One cannot help notice that each of these methodologies can be employed, with varying degrees of difficulty, in most medical situations. Pharmacy and therapeutic issues readily lend themselves to economic assessment due to the high cost of drugs. Pharmacoeconomic research is one way to ensure that patients benefit from the most cost-justified treatment modalities.

Conclusion

Pain management, from the pharmacist's perspective, is dominated by regulations, formularies, and cost controls. Regulatory issues are cumbersome due to the volume of record-keeping provisions imposed by both federal and state agencies. Failure by pharmacists and other health care providers to keep accurate records can result in a $25,000 fine imposed by DEA. Health care institutions who treat large numbers of pain management patients are certainly at risk for great financial exposure.

Product selection expands the concerns of health care practitioners.
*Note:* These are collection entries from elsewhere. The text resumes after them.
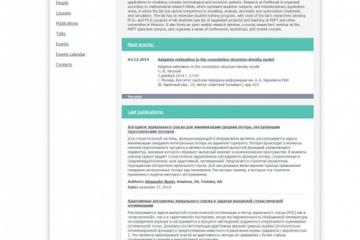 Мультиязычный сайт лаборатории МФТИ PreMoLab. Личные страницы пользователей, публикации, события, учебные курсы, направления исследований и проекты. Все события автоматически встраиваются в единый календарь событий.
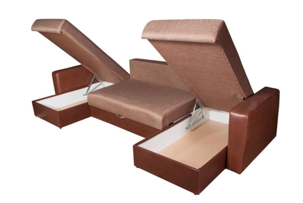 Размер (ШхВхГ): 2850х920х1600 мм. Спальное место: 1500х2250 мм. Широкие подлокотники с боковыми полками
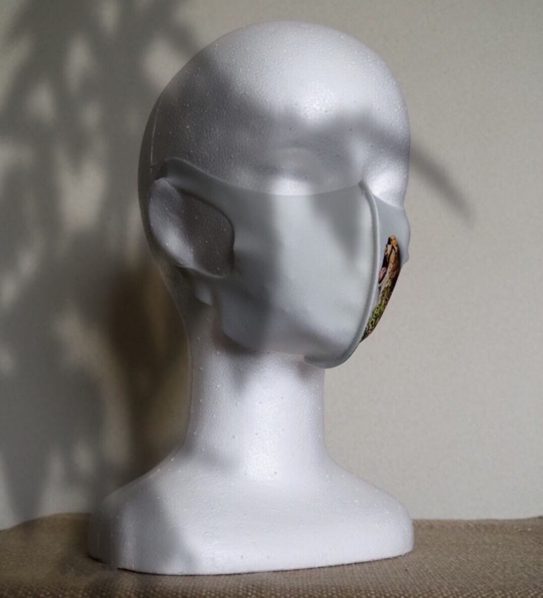 目、頬の横、顎の下など、大きめのマスクで隙間のできやすいポイントをしっかりブロックすることができます。とにかくよく伸び、高いフィット性があります。
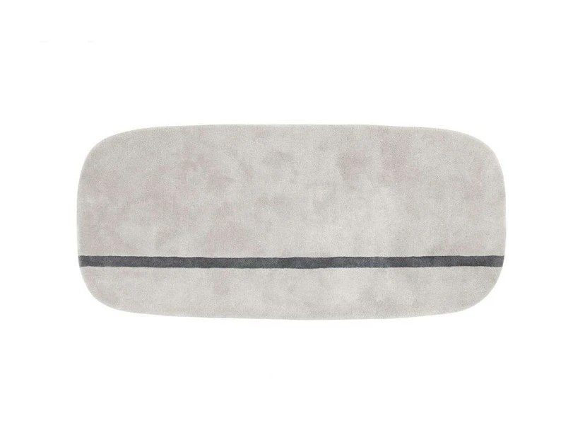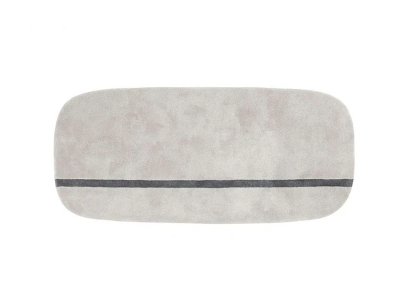 In addition to its purely practical qualities, the rug also comes in a sophisticated design. The solid-coloured surface is broken by a contrasting stripe that is deepened by 3 mm compared to the rest of the rug, creating a beautiful counterpoint in the overall expression and adding a personal edge that gives the design recognisable value.
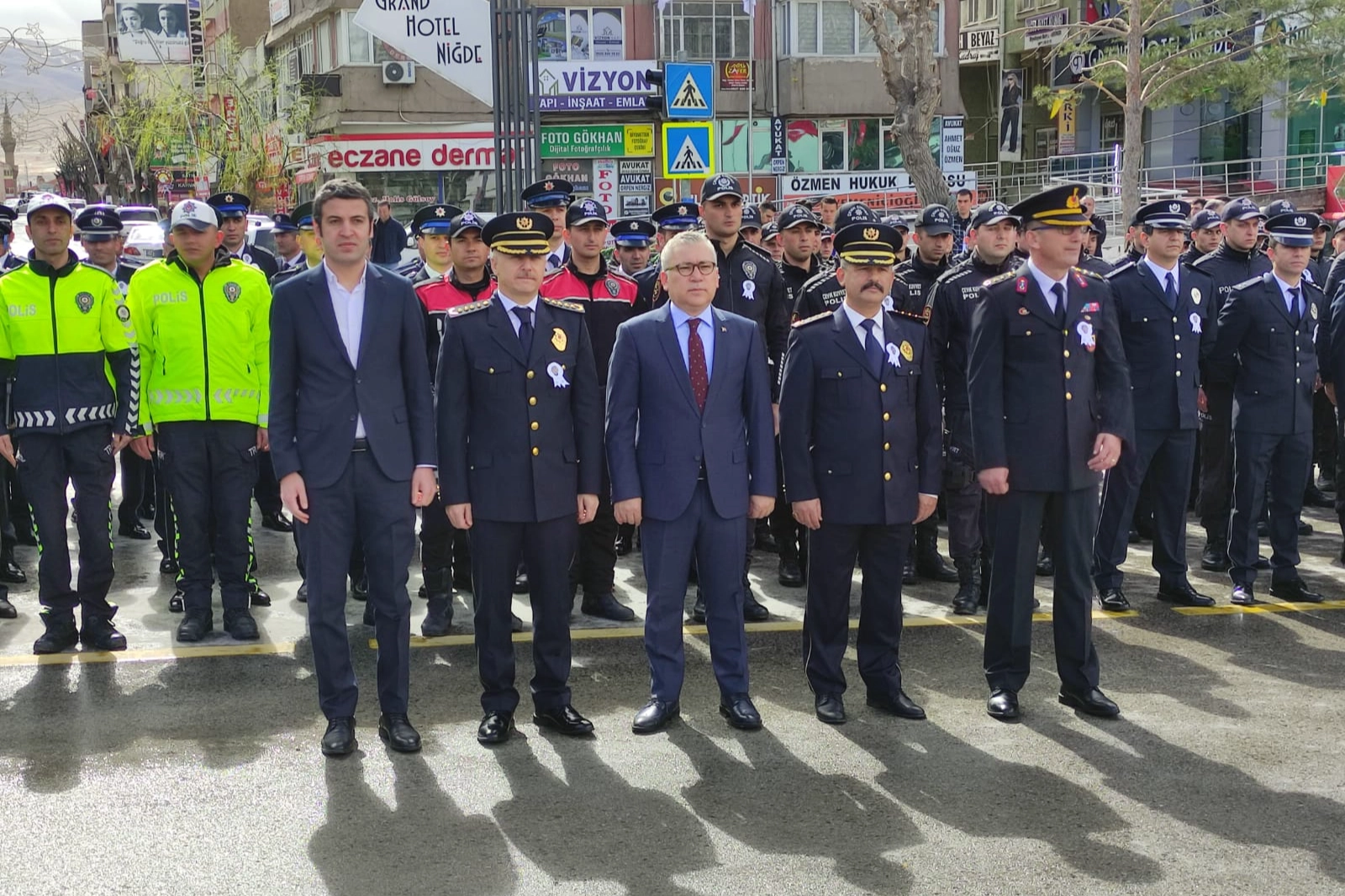 Niğde’de Türk Polis Teşkilatı'nın 177. kuruluş yıl dönümü dolayısıyla tören düzenlendi. Cumhuriyet meydanında düzenlenen törende İl Emniyet Müdürü Adnan Özdemir ve Niğde Polis Meslek Eğitim Merkezi Müdür Mehmet Kemal Arısoy Atatürk Anıtı'na çelenk sundu. Tören saygı duruşu ve İstiklal Marşı'nın okunmasıyla devam etti. Günün anlam ve önemini belirten konuşmasını Niğde İl Emniyet Müdürü Adnan Özdemir yaptı. Özdemir konuşmasında; Kurulduğu günden bu yana kamu düzeninin korunması, asayiş ve güvenliğin sağlanması amacıyla görev yapan teşkilatımız, suç ve suçlularla olan başarılı mücadelesini her geçen gün artırarak sürdürmektedir. Temel hak ve özgürlüklere saygılı, hukukun üstünlüğü anlayışıyla hareket eden teşkilatımız, nitelikli personel yapısı, teknik ve fiziki kapasitesi, çağın gerekliliklerine uygun donanımı ile aziz milletimize hizmet etmenin haklı gururunu taşımaktadır. Gücünü yasalardan ve milletinden alan emniyet teşkilatı, 177 yıldır olduğu gibi bu günde her türlü terör ve şer odaklarına karşı, tereddütsüz bir şekilde devletinin ve milletinin emrinde olmaya devam edecektir. Emniyet teşkilatımızın 177. kuruluş yılı vesilesiyle, başta Gazi Mustafa Kemal Atatürk ve silah arkadaşları olmak üzere, tüm şehitlerimizi rahmetle anarken gazilerimizi ise minnetle yad ediyorum.’’ dedi. Niğde Cumhuriyet Meydanında düzenlenen törene Niğde Valisi Yılmaz Şimşek, Niğde İl Emniyet Müdürü Adnan Özdemir, Niğde İl Jandarma Komutanı Jandarma Albay Nihat Özkök, siyasi parti temsilcileri, şube müdürleri ve vatandaşlar katıldı.
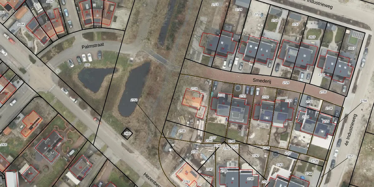 Het perceel waarop Smederij 13 staat heeft een oppervlakte van 535 m². Dit is een groot perceel. De perceeloppervlakte wordt geregistreerd door het Kadaster. Gedetailleerde informatie over de maten van dit perceel kunt u vinden in het rapport Kadastrale kaart met maatvoering van Smederij 13.
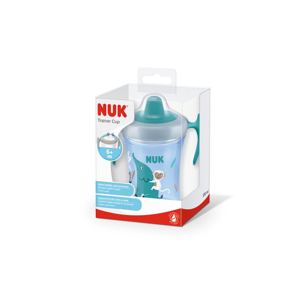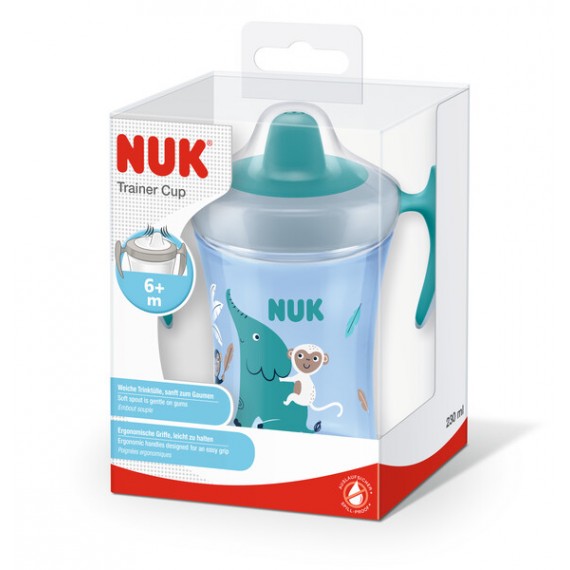 NUK Evolution Trainer Cup er en tutekopp fra NUK. Tutekopen har en myk TPE tut og rommer 230ml. Den er sølefri, har ergonomiske håndtak og kan brukes fra ca. 6 måneders alder. De ergonomiske håndtakene er framstilt for å passe barnets små hender. Koppen tåler å vaskes i oppvaskmaskin og er lett å dele og rengjøre.
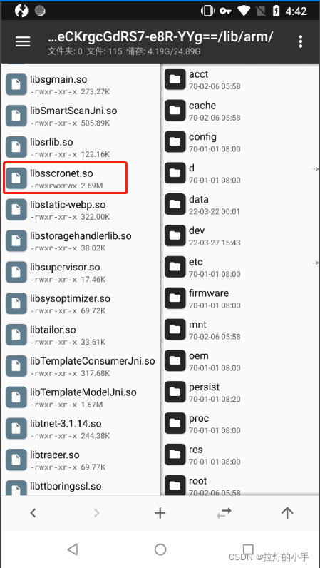 然后把修改过的so复制到你的安卓手机上,这种方案,不限制安卓版本,手机必须ROOT,因为我们要替换lib下面的libsscronet.so将libsscronet.so文件移动至/data/app/com.ss.android.ugc.aweme-EideCKrgcGdRS7-e8R-YYg==/lib/arm/下并修改权限为777
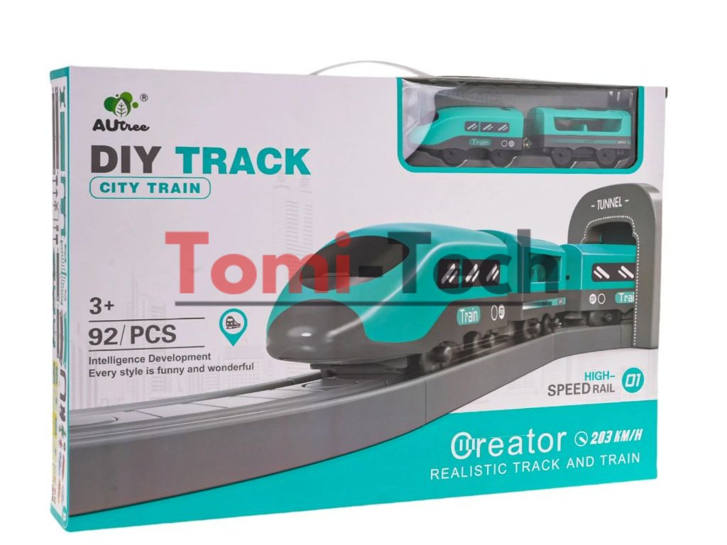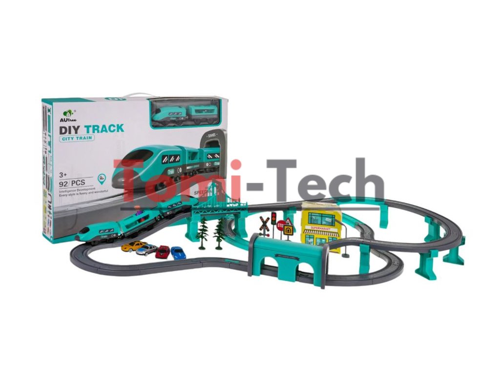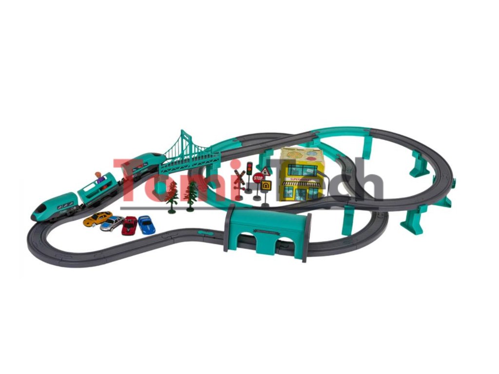Dobre vybavená koľajová súprava s vláčikom a príslušenstvom pre deti od 3 rokov . Sada je vyrobená z najkvalitnejšieho plastu v živých farbách priťahujúcich detské oči. Sada obsahuje 92 prvkov : stavebné diely koľají, vlak, stanica, most, supermarket, dopravné značky a tiež autíčka a figúrku. Vlak je napájaný 2 batériami AAA 1,5 V (nie sú súčasťou balenia)

FDA allows substitution of products based on therapeutic equivalence. Many states and third-party payers promote product substitution based on their own economic or therapeutic criteria. Prescribers and pharmacists must be aware of these localized dilemmas.

Decision-makers in today's health care market are increasingly influenced by operating costs. Data that can be used to generate information which results in knowledge is a valuable commodity to them. Pharmacy is in a unique position to capture and produce clinical, economic, and risk management data. This data can produce timely information to inform clinical decision-makers about how to provide proper patient management. It is important for health professional pharmacists and administrators not only to focus on clinical information in drug product decision making, but also to include broader health economics considerations under the rubric of clinical decision making for modern selection of drug therapy.